Department of Oncological Urology, Veneto Institute of Oncology IOV-IRCCS, Padua, Italy.
Urology, Western Hospital Unit "San Pio", Castellaneta, Italy.
Int Urol Nephrol. 2024 Jan;56(1):121-127. doi: 10.1007/s11255-023-03766-z. Epub 2023 Aug 30.
We report a comparative monocentric study with a short and long-term follow-up with the aim to assess differences about urinary continence outcomes in patients treated with Robot-Assisted Radical Prostatectomy (RARP) with two different techniques: with anterior and posterior reconstruction and without any kind of reconstruction.
From January 2016 to September 2021, at the Department of Urology of the "F. Miulli" Hospital of Acquaviva delle Fonti, in Italy, 850 eligible patients underwent extraperitoneal RARP with anterior and posterior reconstruction and 508 without reconstructions.
In patients undergoing RARP with reconstructions 1 month after surgery the urinary continence was preserved in 287/850 patients (33.8%), 3 months after surgery in 688/850 (81%), 6 months in 721/850 (84.8%), 12 months in 734/850 (86.3%), 18 months in 671/754 (89%), 24 months in 696/754 (92.3%), 36 months in 596/662 (90%), 48 months in 394/421 (93.6%), 60 months in 207/212 (97.6%). In patients undergoing RARP without reconstruction 1 month after surgery urinary continence was preserved in 99/508 (19.4%), after 3 months in 276/508 (54.3%), 6 months in 305/508 (60%), 12 months in 329/508 (64.7%), 18 months in 300/456 (65.7%), 24 months in 295/456 (64.7%), 36 months in 268/371 (72.3%), 48 months in 181/224 (81%), 60 months in 93/103 (90.3%).
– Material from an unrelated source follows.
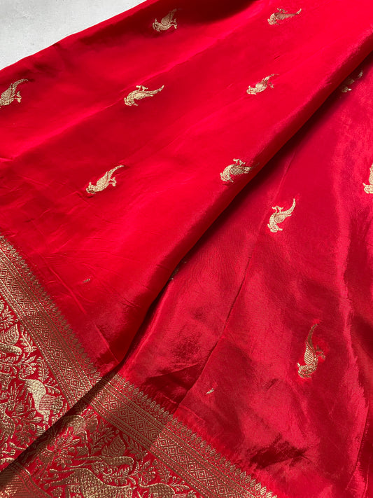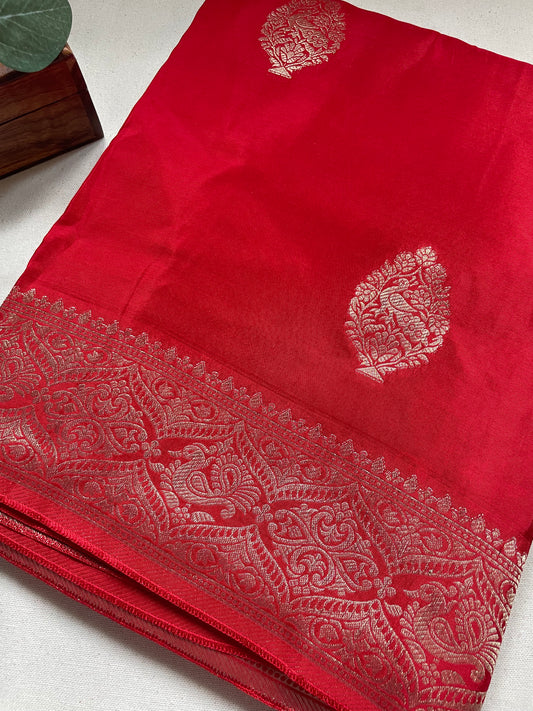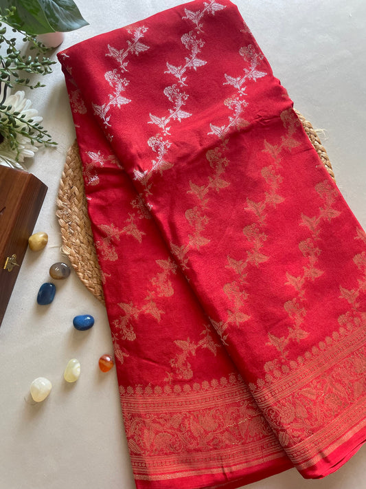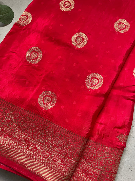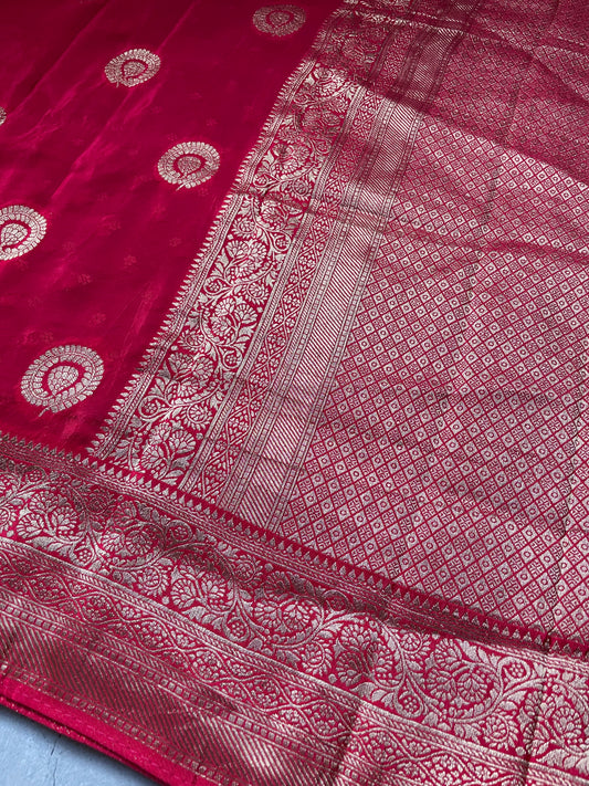 Red Banarai Pure Crepe Silk Saree

In our case study, the RARP with anterior and posterior reconstruction technique is associated with a statistically significant higher rate (up to 48 months of follow-up) and a faster recovery of urinary continence compared to the technique without reconstructions.
我们报告了一项具有短期和长期随访的中心对比研究,旨在评估机器人辅助前列腺根治性切除术(RARP)中两种不同技术(有前后重建和无任何重建)的尿控结果差异。
2016 年 1 月至 2021 年 9 月,在意大利 Acquaviva delle Fonti 的“F. Miulli”医院泌尿科,850 名符合条件的患者接受了腹膜外 RARP 联合前后重建,508 名患者未进行重建。
在接受 RARP 联合重建的患者中,术后 1 个月时,850 例患者中有 287 例(33.8%)保留了尿控,术后 3 个月时,850 例患者中有 688 例(81%)保留了尿控,术后 6 个月时,850 例患者中有 721 例(84.8%)保留了尿控,术后 12 个月时,850 例患者中有 734 例(86.3%)保留了尿控,术后 18 个月时,754 例患者中有 671 例(89%)保留了尿控,术后 24 个月时,754 例患者中有 696 例(92.3%)保留了尿控,术后 36 个月时,662 例患者中有 596 例(90%)保留了尿控,术后 48 个月时,421 例患者中有 394 例(93.6%)保留了尿控,术后 60 个月时,212 例患者中有 207 例(97.6%)保留了尿控。在接受 RARP 无重建的患者中,术后 1 个月时,508 例患者中有 99 例(19.4%)保留了尿控,术后 3 个月时,508 例患者中有 276 例(54.3%)保留了尿控,术后 6 个月时,508 例患者中有 305 例(60%)保留了尿控,术后 12 个月时,508 例患者中有 329 例(64.7%)保留了尿控,术后 18 个月时,456 例患者中有 300 例(65.7%)保留了尿控,术后 24 个月时,456 例患者中有 295 例(64.7%)保留了尿控,术后 36 个月时,371 例患者中有 268 例(72.3%)保留了尿控,术后 48 个月时,324 例患者中有 181 例(81%)保留了尿控,术后 60 个月时,303 例患者中有 93 例(90.3%)保留了尿控。
在我们的病例研究中,与无重建技术相比,RARP 联合前后重建技术具有更高的尿控率(随访至 48 个月)和更快的尿控恢复速度。